16. The non-transitory machine readable storage medium of claim 13, the operations further comprising:

for each of the first plurality of CPU jobs, assigning a key that identifies said each of the first plurality of CPU jobs; and

updating a value associated with the key for said each of the first plurality of CPU jobs based on a corresponding result of the first plurality of results in the shared RAM memory of the cluster of computing nodes.

17. The non-transitory machine readable storage medium of claim 16, the operations further comprising:

receiving a plurality of GPU MLM training operations for performing backpropagation on the first layer of neurons of the MLM;

transforming the plurality of GPU MLM training operations to a plurality of corresponding CPU jobs that perform backpropagation on the first layer of neurons of the MLM;

access values using keys associated with the first plurality of results in the shared RAM memory of the cluster of computing nodes; and

performing the backpropagation by executing the CPU jobs using CPUs of the set of computing nodes of the cluster of computing nodes to generate a plurality of updated weights for neurons in the first layer of the MLM.

18. The non-transitory machine readable storage medium of claim 13, wherein each of the first plurality of CPU jobs comprises a combination of a computational task and data for carrying out the computational task, wherein the distributed training operations are comprised in resilient distributed datasets (RDDs), and wherein two or more subsets of RDDs are distributed to two or more computing nodes of the set of computing nodes.

19. The non-transitory machine readable storage medium of claim 13, wherein the MLM comprises a large language model or a transformer model.

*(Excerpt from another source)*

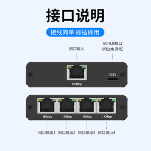 ギガビットネットワーク分配器1分2ネットワーク共有器ネットワークポート1分4 RJ45ネットワークケーブル分配器交換ルート

20. A system for distributing training of a machine learning model using hardware resources of a cluster of computing nodes, system comprising:

a memory; and

a processor, coupled with the memory, the processor configured to perform operations, comprising:

receiving, by a first computing node of the cluster of computing nodes, a first plurality of graphics processing unit (GPU) machine learning model (MLM) training operations for training a first layer of neurons of a MLM;

transforming, by the first computing node of the cluster of computing nodes, the first plurality of GPU MLM training operations to a first plurality of corresponding central processing unit (CPU) jobs;

distributing, by the first computing node to a set of computing nodes of the cluster of computing nodes, the first plurality of CPU jobs, the first computing node and the set of computing nodes of the cluster of computing nodes comprising a plurality of CPUs and a plurality of RAM memory shared by the cluster of computing nodes;

executing, by CPUs of the set of computing nodes, the first plurality of CPU jobs in parallel to generate a first plurality of results associated with the first layer of neurons of the MLM; and

storing, by the CPUs of the set of computing nodes, the first plurality of results in the shared RAM memory of the cluster of computing nodes.